Healthy and Nutritious: Packed with protein from the prawns and quinoa, this salad is a balanced meal that will keep you energized throughout the day. Quinoa is a great source of plant-based protein and fibre, while prawns provide lean protein and essential vitamins and minerals.

Perfect for Meal Prep: This salad can be made the night before and stored in the refrigerator, making it an ideal option for a hassle-free lunch. The ingredients hold up well, so you won’t have to worry about it becoming soggy or losing its texture.

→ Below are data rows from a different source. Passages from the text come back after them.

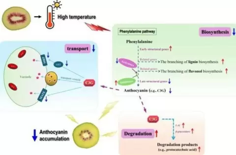 Согласно полученным данным, температуры в диапазоне 25–40 °C приводят к активному разложению антоцианов, что сокращает их содержание и ухудшает качество киви. Увеличение температуры инициировало накопление продуктов разложения, таких как протокатеховая кислота, и активизацию генов, ответственных за метаболизм. Это исследование предоставляет первый полный обзор механизмов биосинтеза и деградации антоцианов в живой ткани киви.
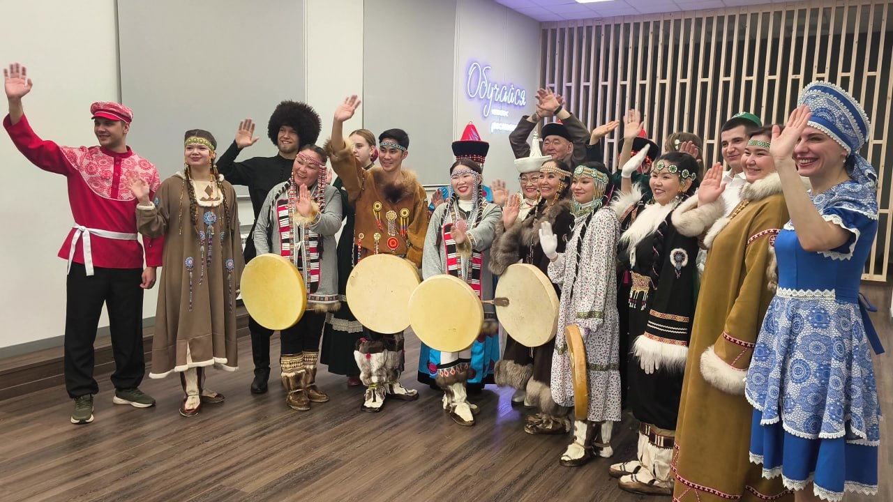 Представители разных национальностей, проживающих в Магаданской области исполнили зажигательные танцы, а также приветствовали всю страну.
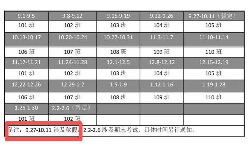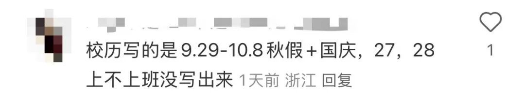 还有网友直接晒出了学校校历,上面写着9.27-10.11涉及秋假——
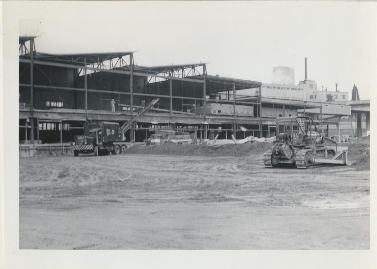 Print, photographic. 5 x 3 1/2 b&w. Construction of can line and warehouse on east side of main brewery and Carlyon Bridge. Overview. January 11, 1955
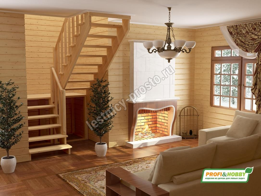 Ступени и поручень лестницы изготовлены из ясеня, остальные элементы из сосны.

Versatile and Customizable: Feel free to add your favorite vegetables or swap out ingredients based on what you have on hand. This recipe is incredibly flexible, allowing you to tailor it to your tastes and dietary preferences.

Lemon Basil Prawn Salad

Recipe by Colleene Wink


Prep time


Cooking time




  • 200g fresh prawns, peeled and deveined

  • 1 cup quinoa

  • 2 cups water or vegetable broth

  • 1 cucumber, diced

  • 1 red bell pepper, diced

  • 1/4 cup cherry tomatoes, halved

  • 1/4 cup red onion, finely chopped

  • 1/4 cup fresh parsley, chopped

  • Juice of 1 lemon

  • 2 tablespoons extra virgin olive oil

  • 2 tablespoons basil pesto

  • Salt and pepper to taste


  • Rinse the quinoa under cold water in a fine mesh strainer.
  • In a saucepan, combine the rinsed quinoa and water or vegetable broth. Bring to a boil, then reduce the heat to low, cover, and simmer for 15-20 minutes, or until the quinoa is tender and the liquid is absorbed.
  • Remove from heat and let it cool completely.
  • Heat a skillet over medium heat and add a little olive oil.
  • Cook the prawns for 2-3 minutes on each side, or until they are pink and cooked through.
  • Remove from heat and let them cool.
  • In a large bowl, combine the cooked and cooled quinoa, diced cucumber, diced red bell pepper, cherry tomatoes, chopped red onion, and chopped parsley.
  • Add the cooked prawns to the salad.
  • In a small bowl, whisk together the lemon juice, extra virgin olive oil, basil pesto, salt, and 
  • Drizzle the dressing over the salad and toss everything together until well combined.
  • Cover the salad and refrigerate it overnight.  When ready to serve, give the salad a good stir and adjust seasoning if needed. You can also sprinkle some extra parsley on top for garnish.

Nutrient Powerhouse

This Lemon Basil Prawn Salad is not only a treat for your taste buds but also a powerhouse of nutrients. It’s an excellent choice for those who want to enjoy a flavorful and healthy meal without spending too much time in the kitchen. Whether you’re packing it for lunch at work or enjoying it at home, this salad is sure to become a favorite in your culinary repertoire.